Tirana - Mit dem Tod von drei Menschen in der albanischen Hauptstadt Tirana hat die politische Krise in Albanien eine dramatische Wendung genommen. Die drei Menschen wurden offenbar bei einer Demonstration erschossen. Lokale Medien berichteten, die Opfer seien "aus nächster Nähe" getötet worden. Näheres ist noch nicht bekannt.
Nach offiziellen Angaben wurden zudem 70 Polizisten und knapp ein Dutzend Demonstranten verletzt.
Tausende Menschen folgten am frühen Nachmittag dem Aufruf der sozialistischen Opposition zur Teilnahme an einer Demonstration vor dem Regierungssitz. Sie forderten den Rücktritt der Regierung von Ministerpräsident Sali Berisha sowie vorgezogene Neuwahlen. Der Staatsspitze warfen sie Korruption und Wahlfälschung vor. Die Demonstranten trugen Plakate mit Slogans wie "Berisha raus" und "Nieder mit der Regierung".
Bereits kurz nach Beginn der Demonstration kam es zu ersten Zusammenstößen. Die Demonstranten bewarfen Beamte mit Steinen und steckten zahlreiche Fahrzeuge in Brand. Die Polizei setzte Tränengas und Wasserwerfer ein, über die Köpfe der Demonstranten hinweg wurden Warnschüsse mit scharfer Munition abgegeben.
Nach offiziellen Angaben versuchten die Protestierenden, das Regierungsgebäude zu stürmen. Das Portal wurde aus den Angeln gerissen, mehrere Bäume wurden angezündet. Polizeiautos gingen in Flammen auf, über der Stadtmitte standen dichte Rauchwolken.
Der albanische Präsident Bamir Topi rief alle politischen Akteure zur Rückkehr zum Dialog auf. "Albanien muss seine Wunden heilen und braucht keine neuen", sagte Topi. Doch auf politischer Ebene gingen die Auseinandersetzungen weiter: Vertreter der Regierungspartei warfen der sozialdemokratischen Opposition einen Umsturzversuch vor. Deren Vorsitzender Edi Rama dagegen erklärte, die Demonstranten seien durch den Tränengas- und Wasserwerfereinsatz der Polizei provoziert worden.

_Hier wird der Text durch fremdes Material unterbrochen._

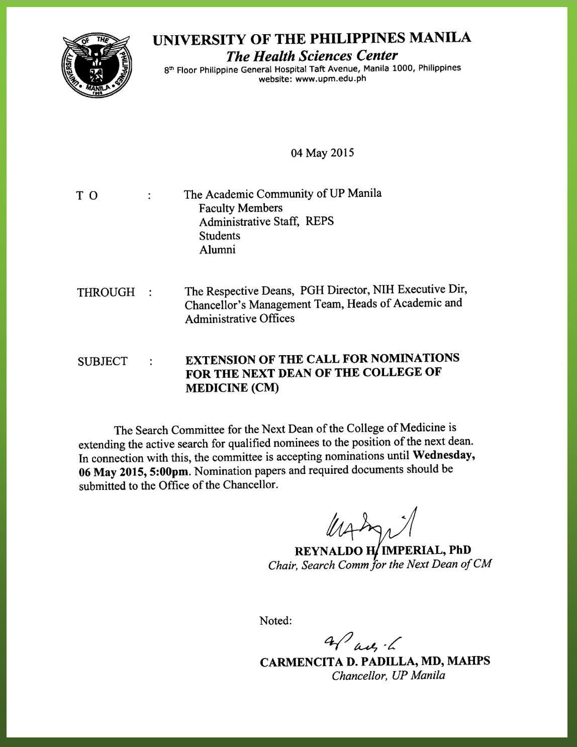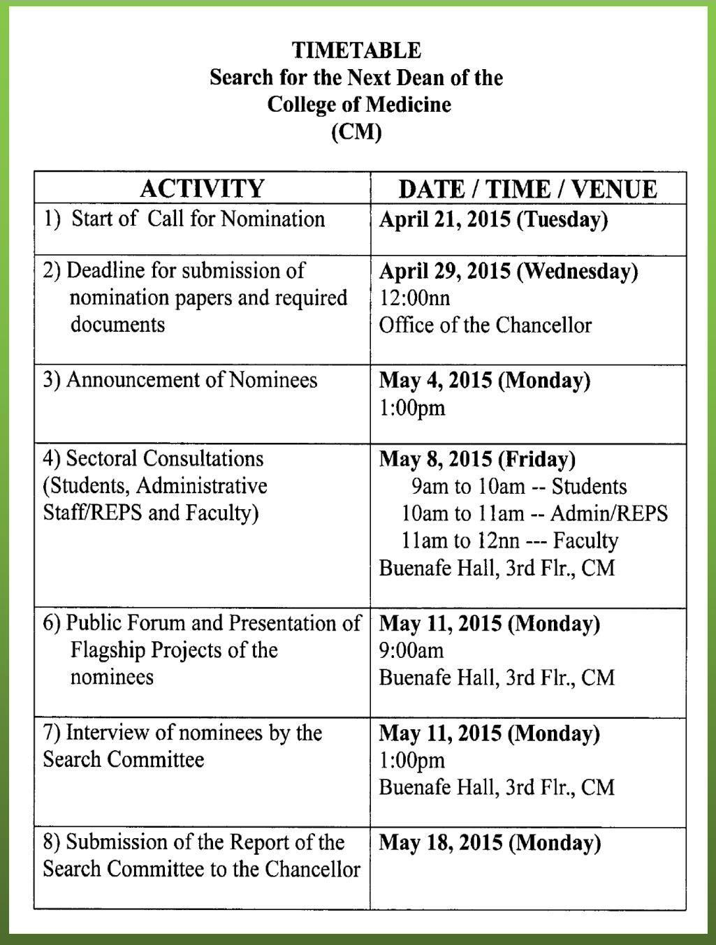 Call for Nominations for the Next Dean of the College of Medicine (Deadline: 29 April 2015)
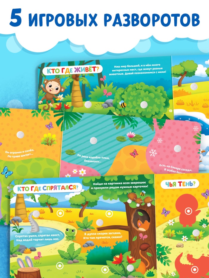 Ваш малыш обожает животных? Тогда эта яркая книга точно понравится крохе. Играя с липучками, ребёнок узнает, где обитают разные виды зверушек, и весело проведёт время.
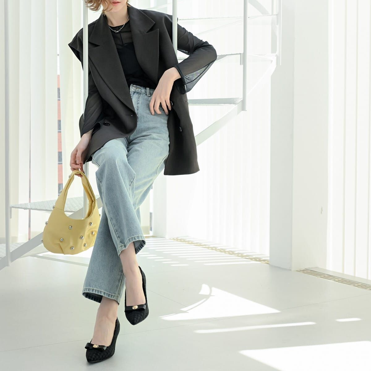 帶點成熟感的蝴蝶結裝飾,打造不過分甜美的大人可愛風格。
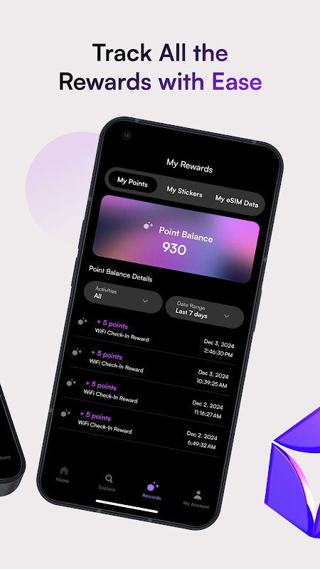 Roam Points berfungsi sebagai teras sistem ganjaran kami, direka untuk menjadikan pengalaman penyambungan WiFi anda menarik dan bermanfaat.
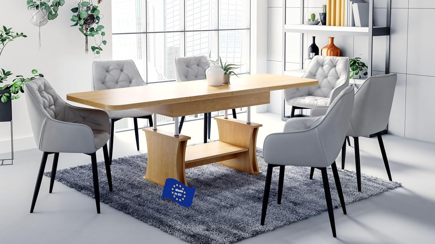 Dieser höhenverstellbare und ausziehbare Couchtisch kombiniert modernes Design mit maximaler Flexibilität. Mit einer Breite von 120 cm, die auf bis zu 200 cm erweiterbar ist, und einer verstellbaren Höhe von 60 cm bis 75 cm, bietet er vielseitige Nutzungsmöglichkeiten. Der Tisch ist aus pflegeleichtem Nachbildungsfurnier und stabilen MDF gefertigt. Dank des Gasdruckmechanismus lässt sich die Höhe mühelos anpassen. Ideal für kleine Räume und bis zu 6 Personen geeignet. **Highlights** - Höhenverstellbar von 60 cm auf 75 cm für individuelle Anpassung - Ausziehbar von 120 cm auf bis zu 200 cm für zusätzliche Ablagefläche - Pflegeleichtes und UV-beständiges Nachbildungsfurnier für einfache Reinigung - Integrierte Verlängerungsplatte für platzsparende Nutzung - Extra Schublade für zusätzlichen Stauraum **Produkteigenschaften** - Breite: 120 cm (erweiterbar auf 160 bis 200 cm) - Tiefe: 70 cm - Korpusmaterial: MDF für hohe Stabilität - Mechanismus: Gasdruckfeder für mühelose Höhenverstellung - Montage: Einfache Selbstmontage mit bebilderter Anleitung - Hergestellt in der EU - Stoßfeste ABS-Kanten für Langlebigkeit und Robustheit
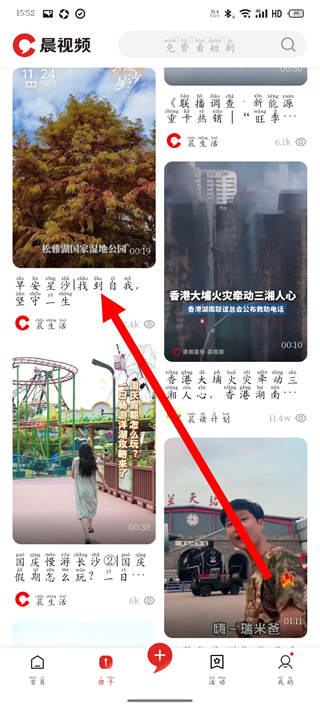 1、打开晨视频,在主界面点击底部故事,进入视频内容页面。
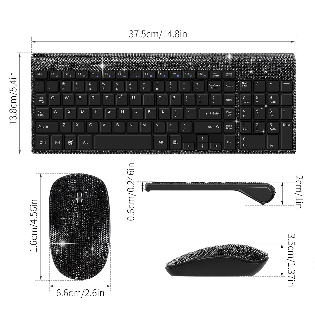 Dazzling Luxury Keyboard And Mouse Wireless, Sparkly Bling Rhinestone Wireless Mouse And Keyboard Gift Set (Black)
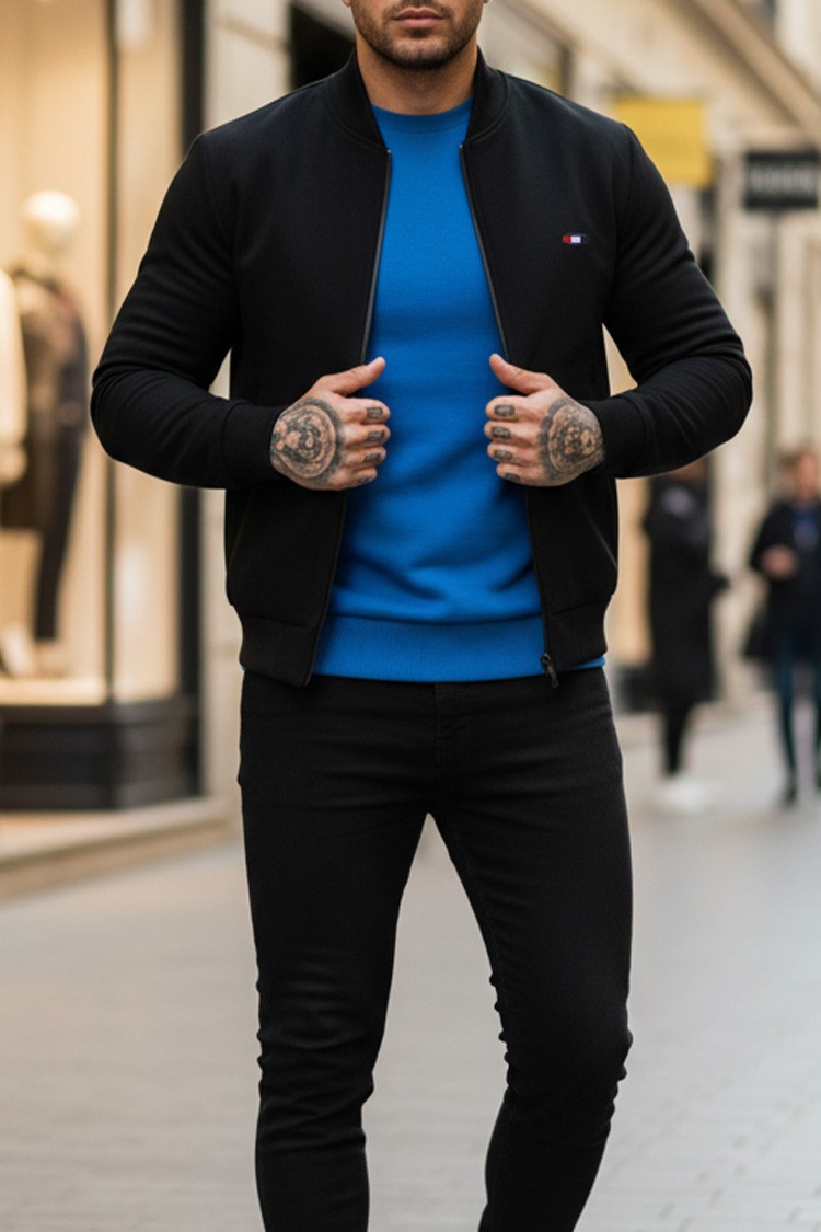 - Praktična i udobna muška dukserica s visokim ovratnikom u crnoj boji, prikladna za svakodnevni život, sport ili šetnju.

Die Botschaften der Europäischen Union, der USA und der OSZE verurteilten in einer gemeinsamen Erklärung den Einsatz von Gewalt und riefen alle Seiten zu "Ruhe und Zurückhaltung" auf. Sie forderten einen konstruktiven Dialog und einen Kompromiss, um die bestehenden Differenzen beizulegen.

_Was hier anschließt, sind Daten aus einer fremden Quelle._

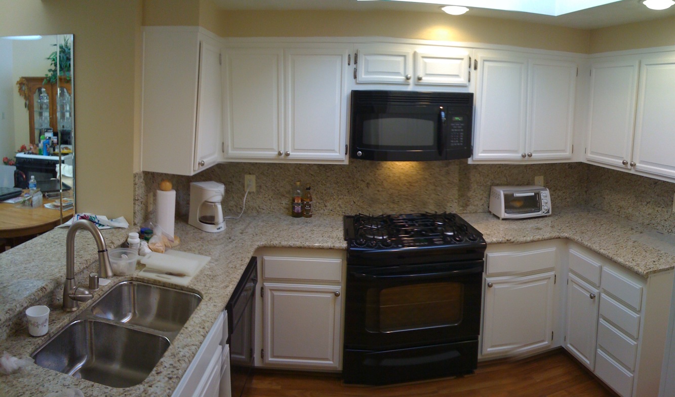 After living with a ktichen that was stuck in the 80s for four years, Cristina decided to “treat herself” to a beautiful kitchen remodel with granite countertops and new black stove for all her wonderful cooking.
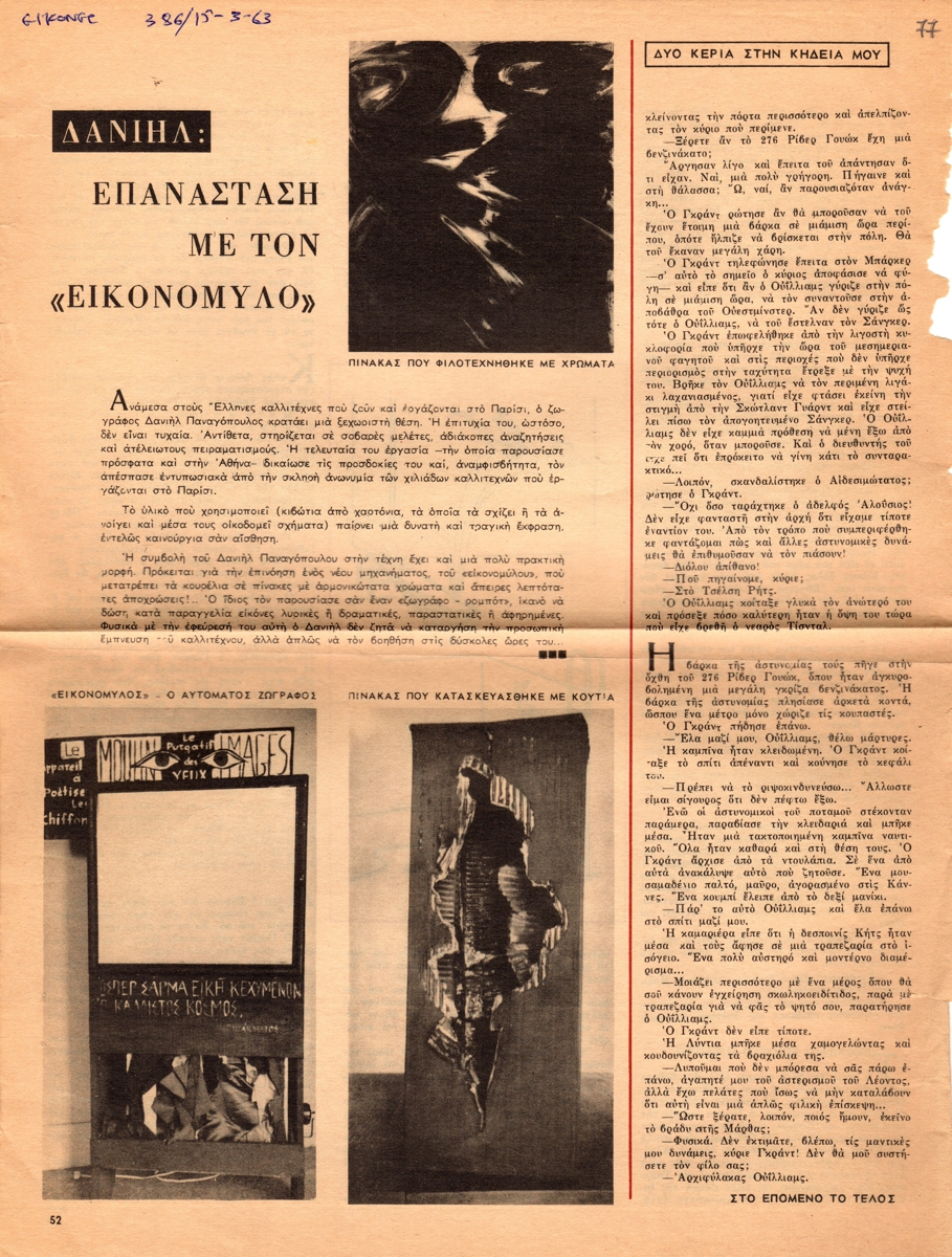 Απόκομμα, χαρτί, 32×24,5 εκ., δημοσίευσης άρθρου για το έργο του Δανιήλ (Παναγόπουλου).

Schon vor den Unruhen hatte die US-Botschaft die scheinbare Billigung von Gewalt durch einige Politiker kritisiert. "Der Gebrauch provokanter Rhetorik und die Andeutung oder Tolerierung von jeder Form der Gewalt erweist dem albanischem Volk einen Bärendienst", hieß es in einer Erklärung.
Zur Situation in Albanien
Vor einigen Tagen kam es zu blutigen Zusammenstößen von Polizei und Protestierenden in Tirana, bei der mindestens drei Menschen starben. Hintergrund war ein Aufruf der sozialistischen Opposition zum Rücktritt der Regierung der demokratischen Partei und zu Neuwahlen.
Ob dies allerdings tatsächlich Ursache für die massiven Ausschreitungen in der Hauptstadt waren, lässt sich eher kritisch sehen, zumal selbst sozialistische Quellen im Netz bemerken, dass auch die sozialistische Partei Albaniens keine Alternative zur demokratischen Partei darstellt, sondern beide in den letzten Jahren abwechselnd korrupt das Land regierten. Leider gibt es keine Berichte (zumindest habe ich keine gefunden), die die Situation in Albanien aus einer anarchistischen Perspektive beurteilt. Wie hängen die Proteste mit Arbeitskämpfen zusammen? Was für Auswirkungen haben die Aufstände im benachbarten Griechenland auf die Situation in Albanien? Gibt es progressive, emanzipative und vielleicht sogar revolutionäre Gruppen oder Zusammenhänge in Albanien, die sich an den Protesten beteiligen? Gibt es organisierte Basisgruppen, die nicht nationalistisch argumentieren?
Viele offene Fragen, aber ein weiteres deutliches Signal, wie destabil die Situation in der Region ist und das sich wirtschaftliche Krise und fehlende Antworten der “bürgerlichen Demokratie” mit ihrem Kapitalismus auf die Bedürfnisse der Menschen zu etwas Besserem wenden könnten.